İşte milli şuur, Korona'ya karşı şahlanış tam da buydu! Fedakâr ve güzide siyasetçilere bir başka örnek de kendini Avusturya halkının refahı ve geleceğine adamış Franz Hörl idi. Yaklaşan kayak sezonu öncesi turizm yasağına karşı çıkan Hörl, "Bu Avusturya'nın iç işi. Avrupa Birliği karışamaz!" diyordu. Zaten "apres-ski" (kayak sonrası) partiler yasaklanmış, pistlerde Korona için bütün önlemler alınmıştı. İyi de pandeminin ilk dalgası kayak merkezleri yüzünden patlamamış mıydı? Hörl'e göre cevap "evet"ti ama şimdi sektör tam olarak açılırsa, kalabalıklara mahal vermemek de eldeydi.
Şu durumda işi bilen biri olarak kendisine güvenmek gerekirdi zira Hörl, muhafazakâr Avusturya Halk Partisi'nin milletvekili olduğu gibi aynı zamanda meşhur Hotel Gaspingerhof'un sahibi, bölgedeki turizm derneğinin başkanı, yani namıdiğer "teleferik kralı"ydı!
KAPANMA: YA HEP, YA HİÇ!..
İşte günümüz insanı, kapılmış bahtının rüzgârına, sisli mi sisli bir 2021'e doğru ilerliyor. Kimileri yeni aşıların sorunu kökten çözeceğini umuyor, kimileri de "Ya doktorlar bile aşı yaptırmayı reddederse?.." diye düşünüyor; kobay olarak kullanılmaktan korkuyor.
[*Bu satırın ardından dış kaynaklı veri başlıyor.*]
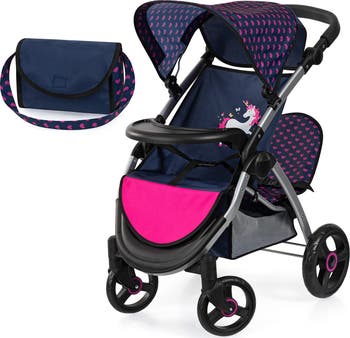 - PUSH YOUR DOLL IN STYLE: The Twin Dolls Stroller is designed for dolls up to 18" (46 cm). Transport your favorite doll, plush, or stuffed animal in style! The stroller has a magical blue, hot pink and unicorn design that your little ones are sure to love!

Ve bir tür "orta yol" olarak "yarı kapanma"yı icat eden devletler, "hedef vaka" (!) sayısına ulaşır ulaşmaz önlemleri gevşetmeyi, "ekonomiyi rahatlatmayı" planlıyor. Rakamlar, istatistikler ve oranlar derken ölen öldüğüyle kalıyor.
Max-Planck Enstitüsü'nden fizikçi Viola Priesemann da tam olarak bu iki yüzlülüğe karşı çıkıyor. Virüsün en çok serbest zaman, iş yeri ve okullarda yayıldığını belirten Priesemann, "Ya bunları da kapatın, ya da insanları tamamen özgür bırakın!" diyor. Ve herkesi yoran, moralleri daha da bozan bu anlamsız "light kapatma"ların sonsuza dek süremeyeceğini hatırlatıyor.
Ama "Tek ekonomi, tek devlet, tek turizm, tek ticaret!" diyen siyasetçilere bilim pek de bir şey ifade etmiyor.